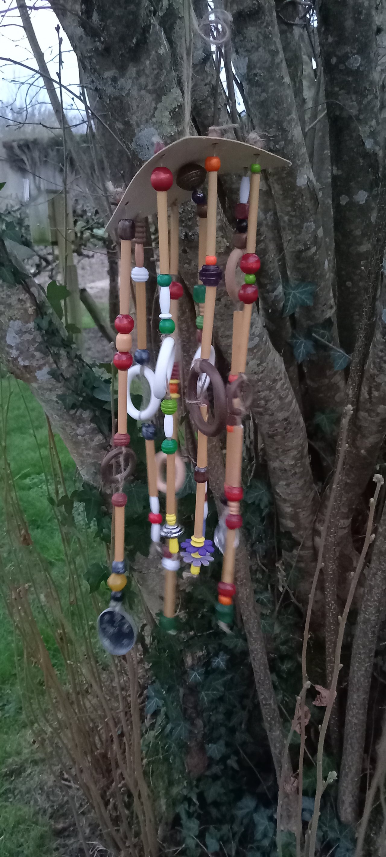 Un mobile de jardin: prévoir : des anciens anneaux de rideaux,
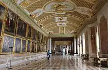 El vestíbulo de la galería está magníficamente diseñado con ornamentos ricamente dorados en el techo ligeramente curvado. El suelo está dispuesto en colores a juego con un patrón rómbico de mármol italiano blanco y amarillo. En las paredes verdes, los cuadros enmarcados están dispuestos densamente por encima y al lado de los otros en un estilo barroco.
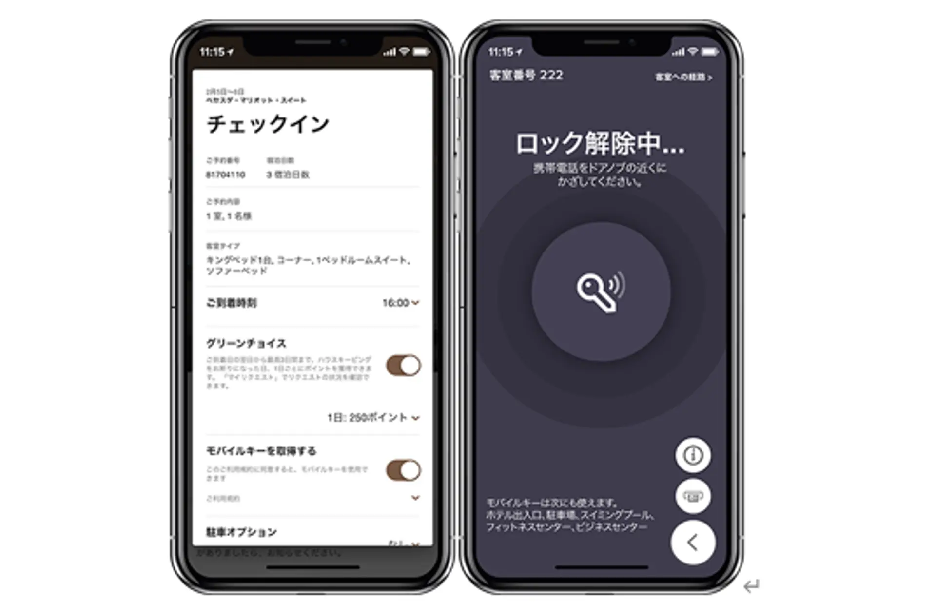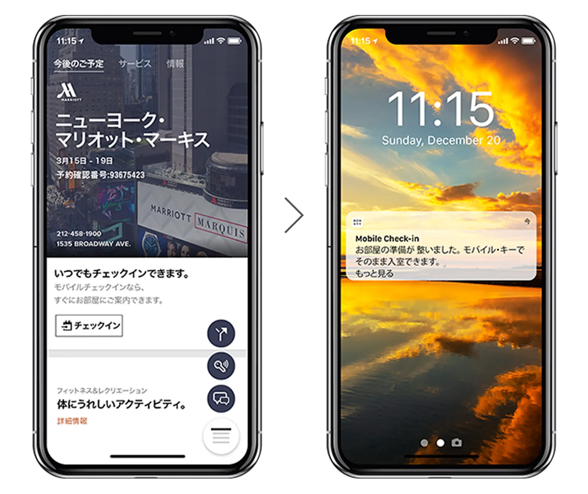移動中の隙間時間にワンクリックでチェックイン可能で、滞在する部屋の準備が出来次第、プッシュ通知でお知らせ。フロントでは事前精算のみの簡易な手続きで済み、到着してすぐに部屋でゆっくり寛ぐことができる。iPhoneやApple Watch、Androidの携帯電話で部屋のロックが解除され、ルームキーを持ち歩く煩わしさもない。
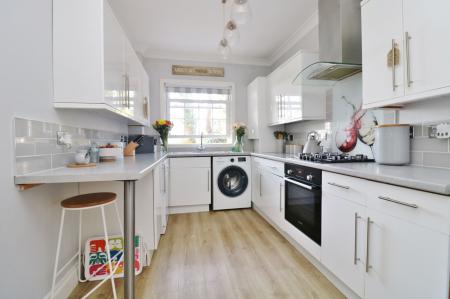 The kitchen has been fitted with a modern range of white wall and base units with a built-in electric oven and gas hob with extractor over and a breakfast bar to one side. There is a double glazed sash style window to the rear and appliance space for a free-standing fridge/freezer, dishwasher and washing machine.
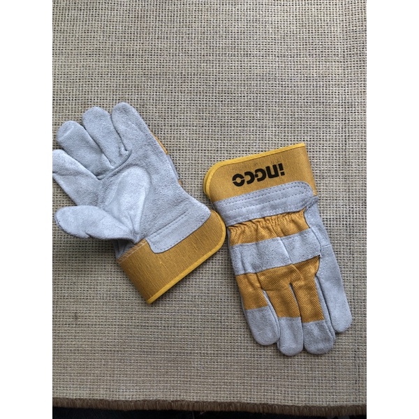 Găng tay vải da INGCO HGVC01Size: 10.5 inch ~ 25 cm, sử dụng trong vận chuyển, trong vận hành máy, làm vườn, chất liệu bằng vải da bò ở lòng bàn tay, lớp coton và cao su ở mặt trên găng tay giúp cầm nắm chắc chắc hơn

· · · · · · ·

Action item - Using the records above, print exactly the lines between the ones containing "El vestíbulo de" and "The kitchen has", inclusive, and nothing else; no pictures.

Result -
 El vestíbulo de la galería está magníficamente diseñado con ornamentos ricamente dorados en el techo ligeramente curvado. El suelo está dispuesto en colores a juego con un patrón rómbico de mármol italiano blanco y amarillo. En las paredes verdes, los cuadros enmarcados están dispuestos densamente por encima y al lado de los otros en un estilo barroco.
移動中の隙間時間にワンクリックでチェックイン可能で、滞在する部屋の準備が出来次第、プッシュ通知でお知らせ。フロントでは事前精算のみの簡易な手続きで済み、到着してすぐに部屋でゆっくり寛ぐことができる。iPhoneやApple Watch、Androidの携帯電話で部屋のロックが解除され、ルームキーを持ち歩く煩わしさもない。
 The kitchen has been fitted with a modern range of white wall and base units with a built-in electric oven and gas hob with extractor over and a breakfast bar to one side. There is a double glazed sash style window to the rear and appliance space for a free-standing fridge/freezer, dishwasher and washing machine.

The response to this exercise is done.